In the last few years, there's a really good metric for "movie will be bad" that I've noticed: If Subway gets the license for their kids meals, it's not going to be a very good movie.

I first noticed this when Subway got the Brave movie license. By then Pixar had repeatedly fooled me with trailers that didn't seem all that great, but turned into fantastic movies, so even though the Brave trailers didn't wow me, I was open-minded about it. But then Subway got the license, so I put off viewing it. It turned out to be the almost worst Pixar movie to that point, though it narrowly beat the previous year's Cars 2 on metacritic. And I still haven't seen it. (Or Monsters University or The Good Dinosaur.)

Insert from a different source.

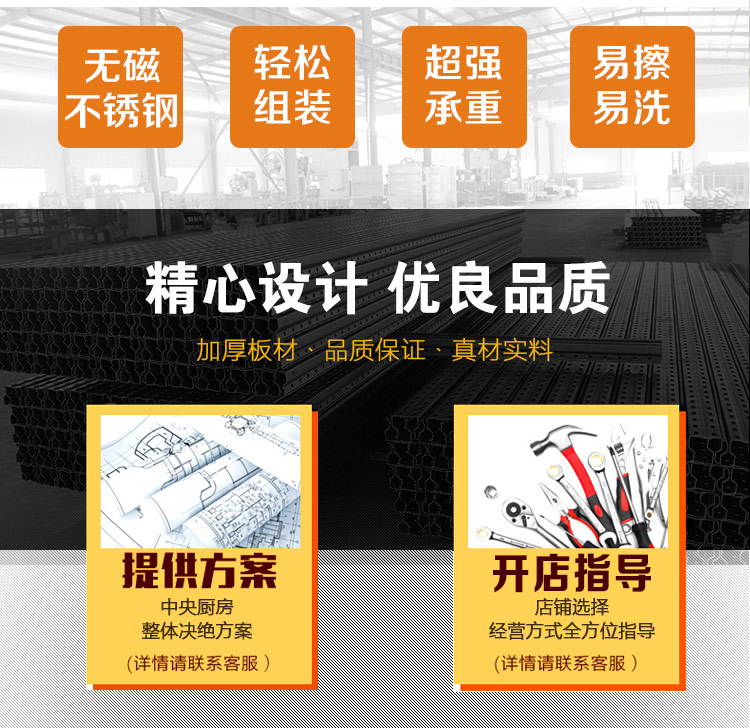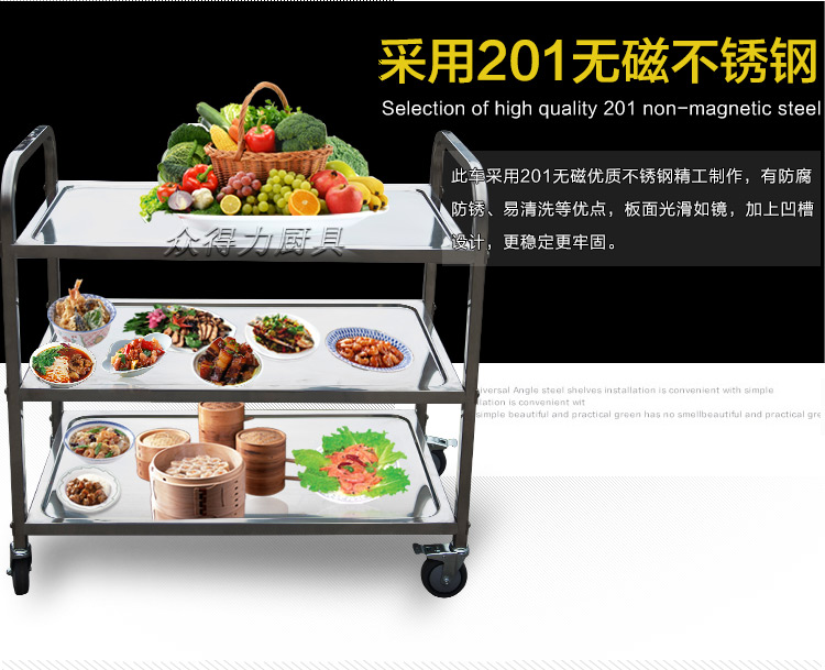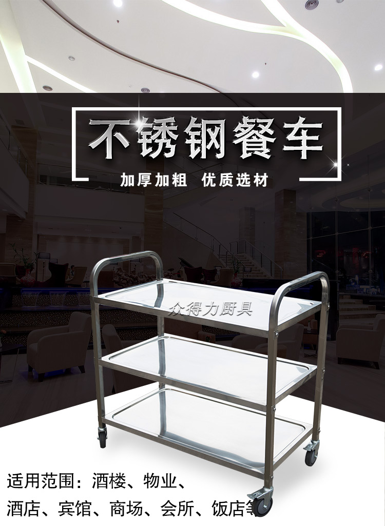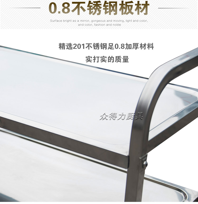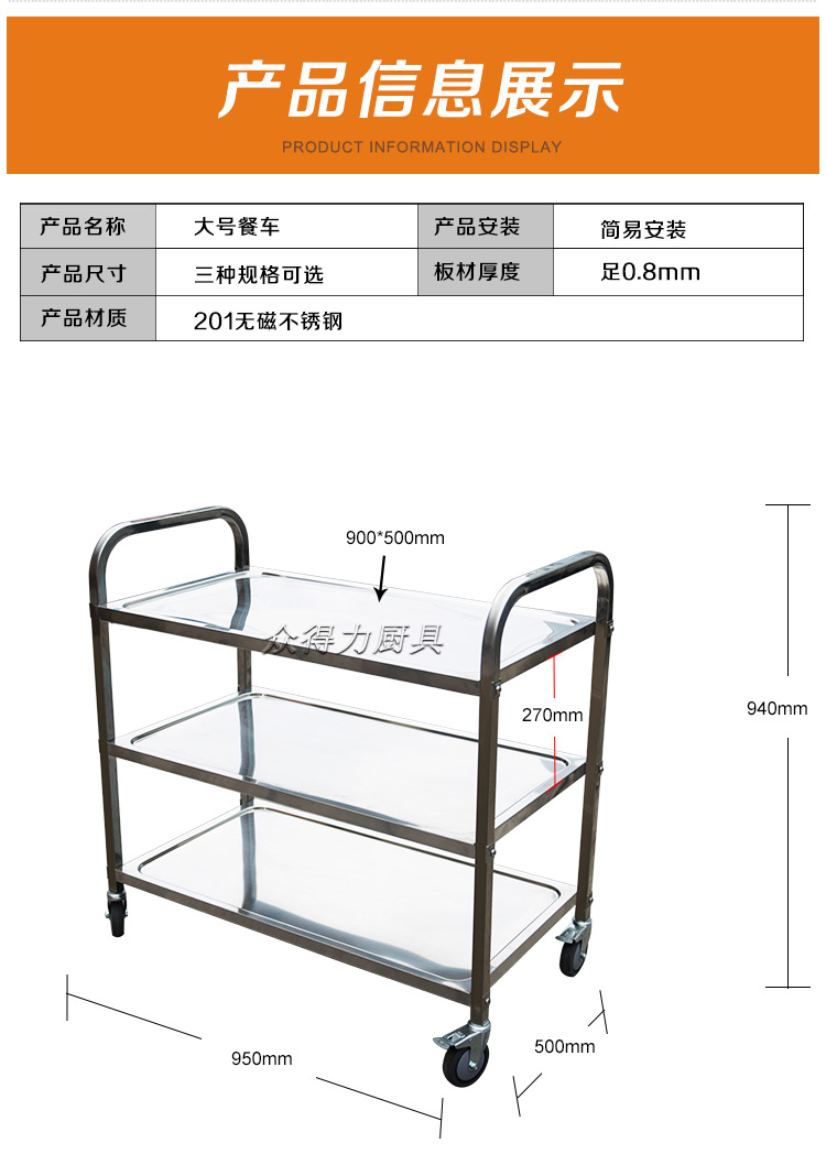 江西眾得力廚具有限公司生產(chǎn)銷(xiāo)售商用廚具,食品機(jī)械,提供中央廚房工程項(xiàng)目整體解決方案。不銹鋼餐車(chē)有大號(hào)、中號(hào)、小號(hào),本公司生產(chǎn)銷(xiāo)售的不銹鋼餐車(chē)系列均采用201無(wú)磁不銹鋼材質(zhì),板材厚度足0.8mm,整機(jī)拆裝方便,結(jié)構(gòu)牢固,承重能力強(qiáng)。

Why do I mention this? Well... guess what license Subway has now? Star Wars: The Force Awakens. (That link will rapidly decay, of course, so you'll have to take my word for it in the future.)

That's... uhh... surprising... and probably not a good sign. Personally I'm generally with "Plinkett" on the Star Trek movies that J. J. Abrams made; certainly very fun, felt like a demo reel for Star Wars more than Star Trek. As long as I didn't try to pretend it was Star Trek, it's at least fine entertainment. So I actually expected the new Star Wars to turn out OK.

But the Subway Movie Metric says it's not going to be good. Well... time will tell. I won't call this a "prediction", but it's at least something to keep an eye on.